:: ASSIGNMENT ::
Every entry is to be returned as it stands, apart from the pictures.

[Stored dataset items]
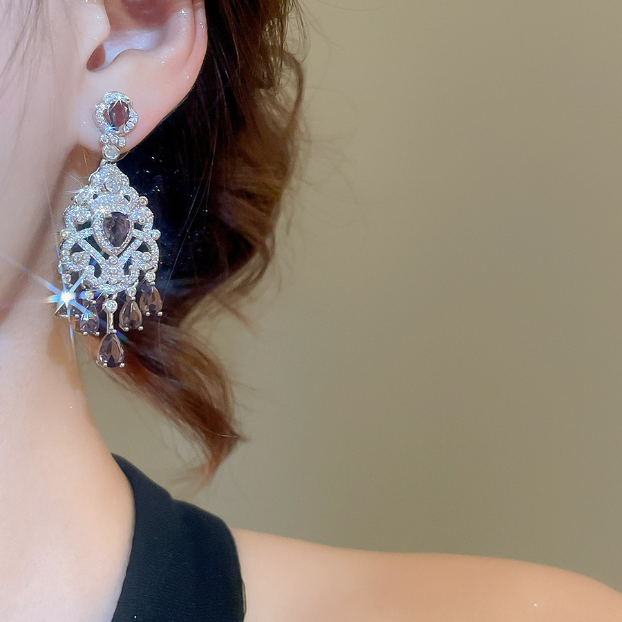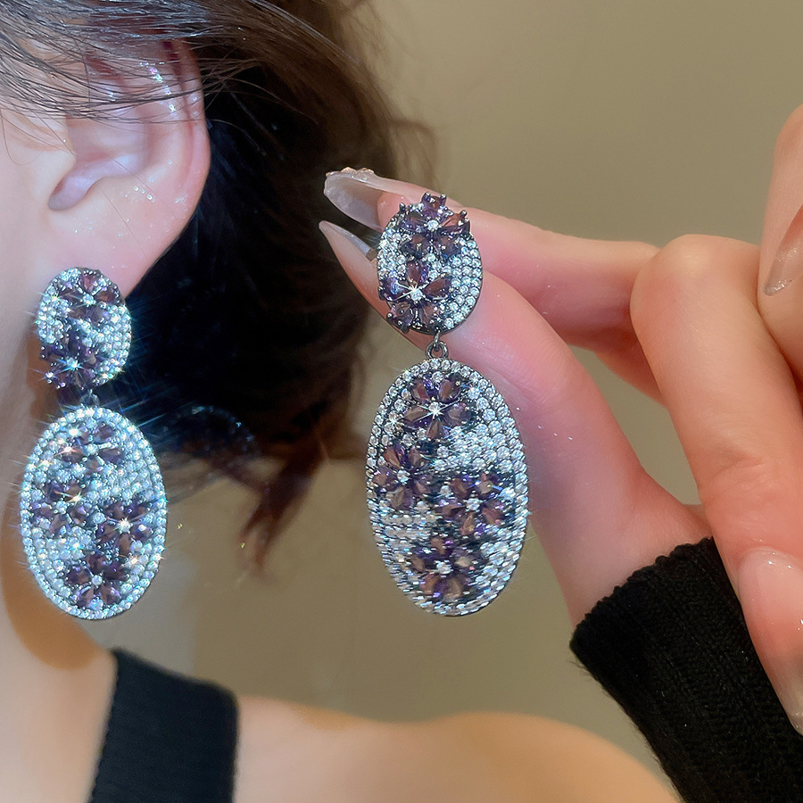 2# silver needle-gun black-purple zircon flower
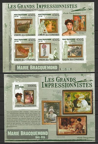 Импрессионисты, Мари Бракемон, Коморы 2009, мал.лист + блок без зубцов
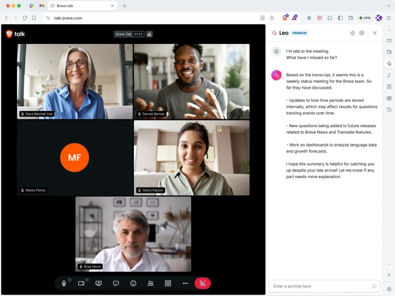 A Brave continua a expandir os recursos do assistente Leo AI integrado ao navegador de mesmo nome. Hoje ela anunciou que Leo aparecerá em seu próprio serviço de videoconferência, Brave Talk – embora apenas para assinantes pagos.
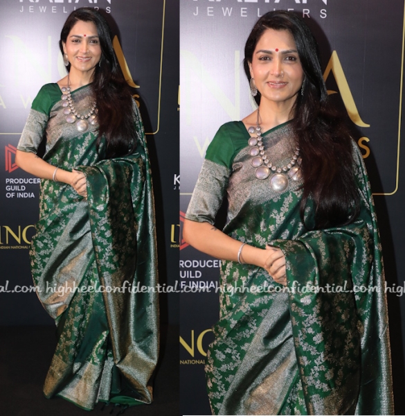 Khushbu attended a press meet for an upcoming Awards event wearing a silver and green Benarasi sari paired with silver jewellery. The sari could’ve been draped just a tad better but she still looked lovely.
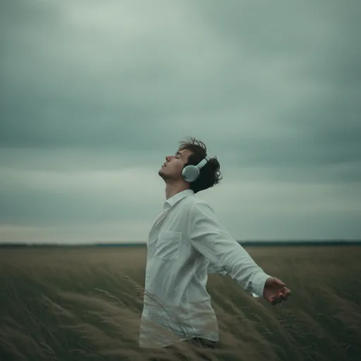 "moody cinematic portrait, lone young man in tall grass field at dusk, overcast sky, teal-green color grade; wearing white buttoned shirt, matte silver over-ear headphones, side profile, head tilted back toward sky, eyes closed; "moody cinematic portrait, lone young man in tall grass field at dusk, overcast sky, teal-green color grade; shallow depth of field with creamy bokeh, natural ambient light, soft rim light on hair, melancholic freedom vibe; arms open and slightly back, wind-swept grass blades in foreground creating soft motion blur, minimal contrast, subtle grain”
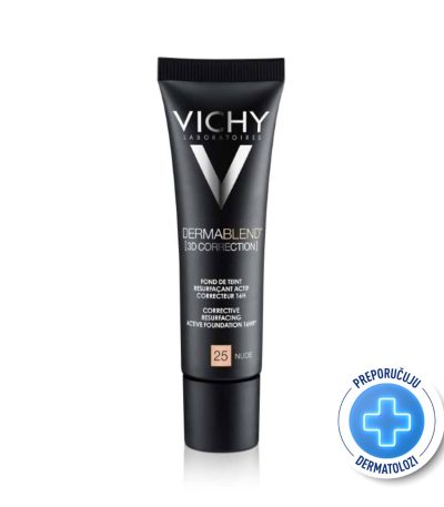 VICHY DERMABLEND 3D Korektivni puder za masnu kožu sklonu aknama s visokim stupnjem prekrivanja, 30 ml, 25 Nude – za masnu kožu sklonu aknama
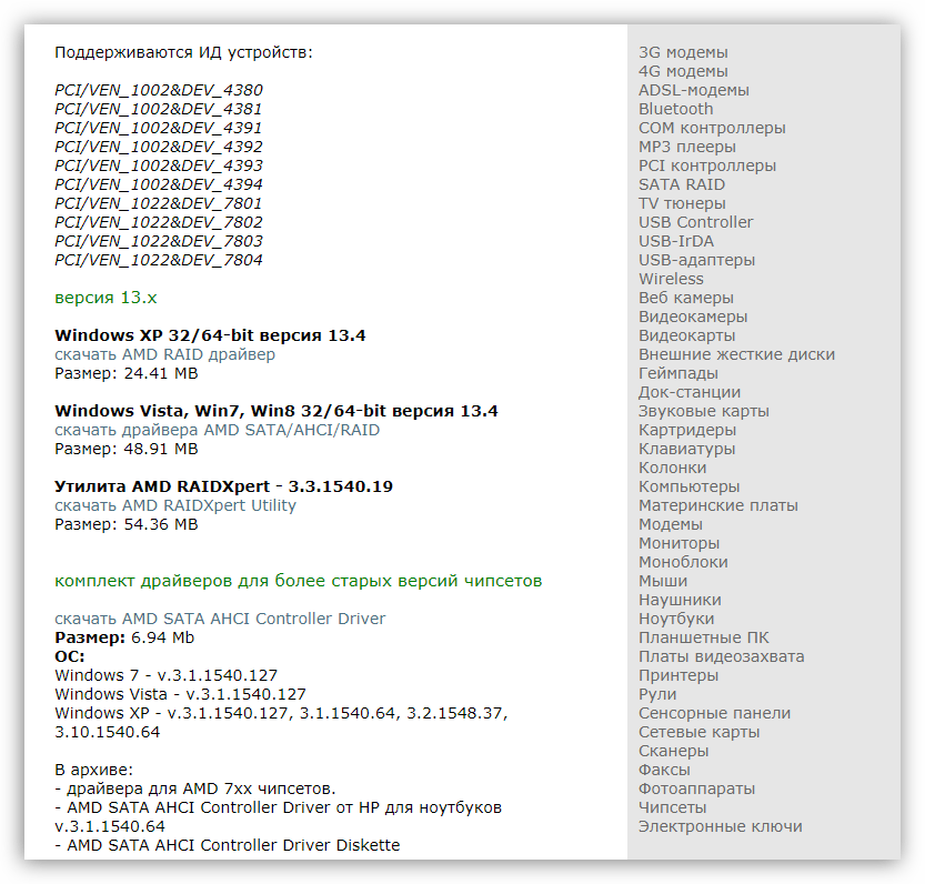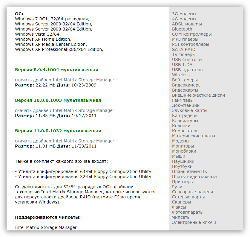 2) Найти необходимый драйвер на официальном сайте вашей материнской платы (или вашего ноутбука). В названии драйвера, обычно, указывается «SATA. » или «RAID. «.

:: ANSWER SPACE ::
 2# silver needle-gun black-purple zircon flower
 Импрессионисты, Мари Бракемон, Коморы 2009, мал.лист + блок без зубцов
 A Brave continua a expandir os recursos do assistente Leo AI integrado ao navegador de mesmo nome. Hoje ela anunciou que Leo aparecerá em seu próprio serviço de videoconferência, Brave Talk – embora apenas para assinantes pagos.
 Khushbu attended a press meet for an upcoming Awards event wearing a silver and green Benarasi sari paired with silver jewellery. The sari could’ve been draped just a tad better but she still looked lovely.
 "moody cinematic portrait, lone young man in tall grass field at dusk, overcast sky, teal-green color grade; wearing white buttoned shirt, matte silver over-ear headphones, side profile, head tilted back toward sky, eyes closed; "moody cinematic portrait, lone young man in tall grass field at dusk, overcast sky, teal-green color grade; shallow depth of field with creamy bokeh, natural ambient light, soft rim light on hair, melancholic freedom vibe; arms open and slightly back, wind-swept grass blades in foreground creating soft motion blur, minimal contrast, subtle grain”
 VICHY DERMABLEND 3D Korektivni puder za masnu kožu sklonu aknama s visokim stupnjem prekrivanja, 30 ml, 25 Nude – za masnu kožu sklonu aknama
 2) Найти необходимый драйвер на официальном сайте вашей материнской платы (или вашего ноутбука). В названии драйвера, обычно, указывается «SATA. » или «RAID. «.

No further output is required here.